Школа обольщения - Крэнц Джудит (смотреть онлайн бесплатно книга .TXT) 📗
Самоотверженный продюсер просиживает все вечера над отснятым за день материалом картины, просматривая сырые эпизоды, составленные из уже отснятых кадров. Если днем он не на съемках, значит, он отлучился, чтобы изыскать средства для будущих картин, или прикинуть и оценить ущерб, нанесенный предыдущему фильму послесъемочной обработкой, или понаблюдать, как монтируется фильм, подобрать подходящую музыку, или присутствовать одновременно при озвучивании, дублировании и наложении звука, оставаясь в курсе всех процедур, пока не закрутится полным ходом рекламная кампания, а там он начинает внимательно следить за поступлением доходов от фильма, проверяя при необходимости бухгалтерские книги прокатчиков, чтобы убедиться, что получает положенную ему долю прибыли. И конечно, заключает контракты на продажу фильмов в Кувейт, Аргентину и Швецию. Перед тем как отправиться спать, Вито мог позвонить в полдюжины кинотеатров, где шел его последний фильм, и выяснить у управляющего сумму дневной выручки. Словом, Вито вел жизнь, бившую ключом, жизнь, в которой случаются и безумные, и тягостные дни, — такую может выбрать только страстно увлеченный человек.

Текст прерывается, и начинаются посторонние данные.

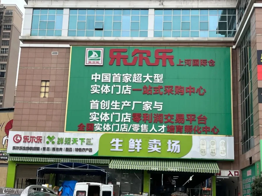 再专访之前,我们去了位于总部的乐尔乐上河国际仓店,进行了实探,绿色的大门头上“中国首家超大型实体门店一站式采购中心”、“首创生产厂家与实体门店零利润交易平台”、“全国实体零售门店/零售人才培育孵化中心”等显眼的字样贴在大型绿色门头之上。
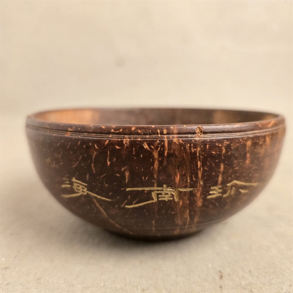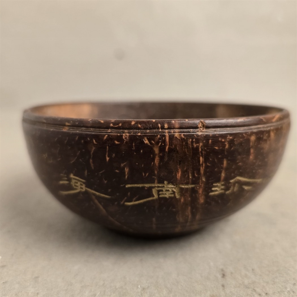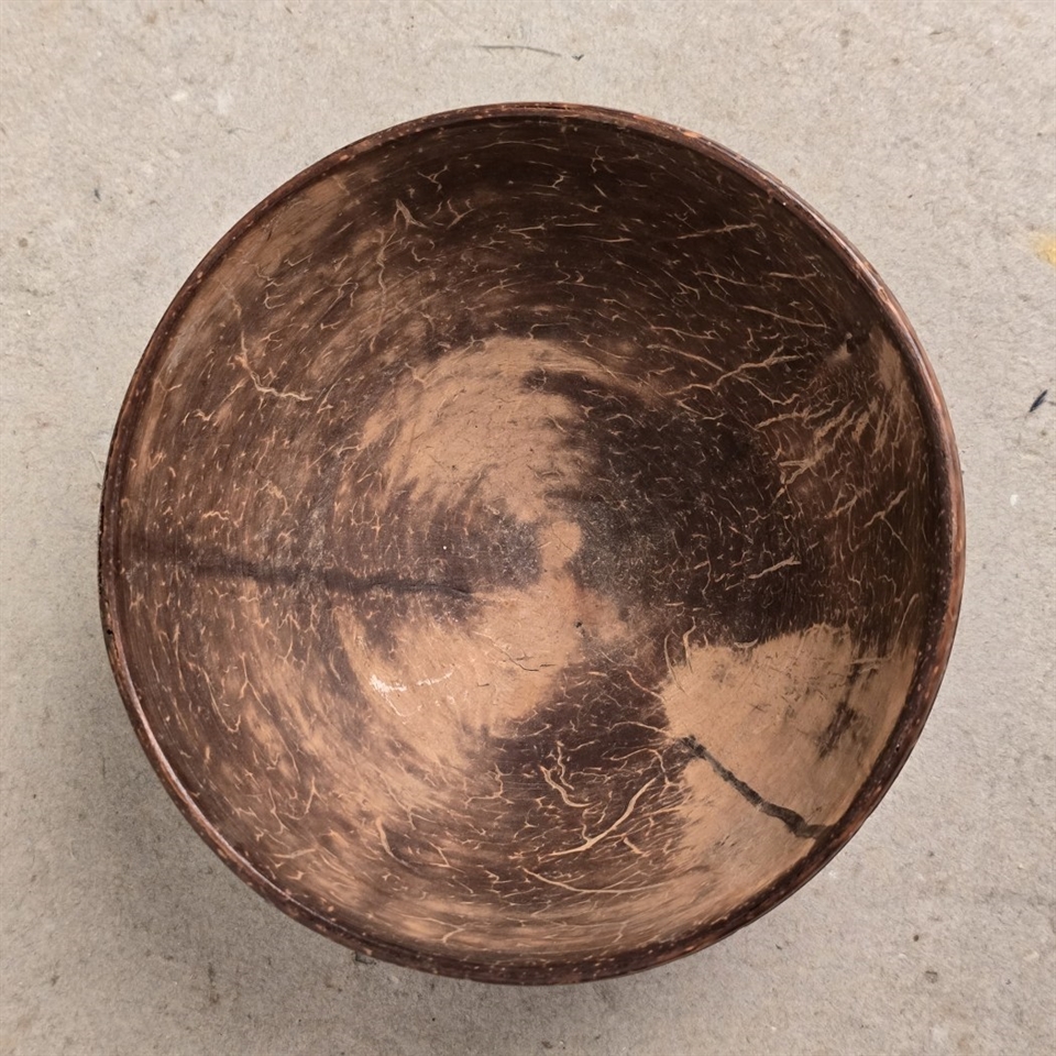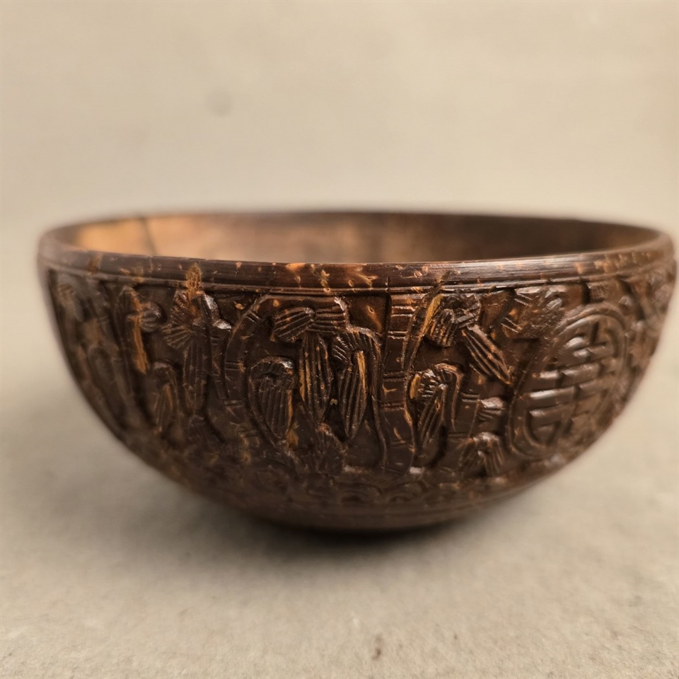 Denne unikke lille skål er omhyggeligt udskåret fra en ægte kokos nøddeskal, hvilket gør hver eneste en helt speciel. Skålen er dekoreret med fine udskæringer af fugle og blomster, der tilfører et naturligt og kunstnerisk touch til din indretning.

Осенью 1974 года, когда Мэгги впервые получила задание взять интервью у Вито Орсини, он находился в Риме, и ему оставалось еще три недели до конца съемок фильма с участием Бельмондо и Жанны Моро. Мэгги была разочарована тем, что ей придется беседовать с Орсини, а не с Бельмондо, к которому ее всегда тянуло, но радость, испытанная от предстоящей поездки в Европу, примирила ее с данностью. Журнал снял для нее номер в скромном отеле «Савой», всего в полуквартале от резиденции прославленных деятелей кино «Эксельсиор» на Виз Венето, но зато вчетверо дешевле. Журнальная корпорация «Херст» была более чем консервативна в плане расходов.
Прежде чем отправиться на интервью, Мэгги всегда изучала в Нью-Йоркской публичной библиотеке подшивку текущей периодики, чтобы выработать платформу, на которой будет строить свои дьявольски неожиданные, острые вопросы. Но для интервью с продюсером хлопотная, отнимавшая много времени поездка в библиотеку, просмотр подшивок, самая нужная из которых неизменно отсутствовала, показались ей лишним беспокойством. Она видела два последних фильма Орсини, оба они вызвали восторг у критиков, и этого для начала вполне хватит.
Номер Орсини в «Эксельсиоре» оказался именно таким, как она и ожидала: богато обставленный, впечатляющий, телефоны беспрерывно звонят, две секретарши печатают на машинках, несколько человек сидят в ожидании, демонстрируя различные степени отчаяния и раздражения и отдавая распоряжения обслуге, а по телексу все приходят сообщения. Мэгги поняла, что дело плохо. Как взять интервью у человека, который, во-первых, вами не особенно интересуется, а во-вторых, находится в центре бурлящего потока? Стиль работы Мэгги проявлялся при интимной беседе и в интимных обстоятельствах. Однако в назначенное время секретарь провела ее во внутренний кабинет Орсини, располагавшийся в самой маленькой из трех гостиных номера.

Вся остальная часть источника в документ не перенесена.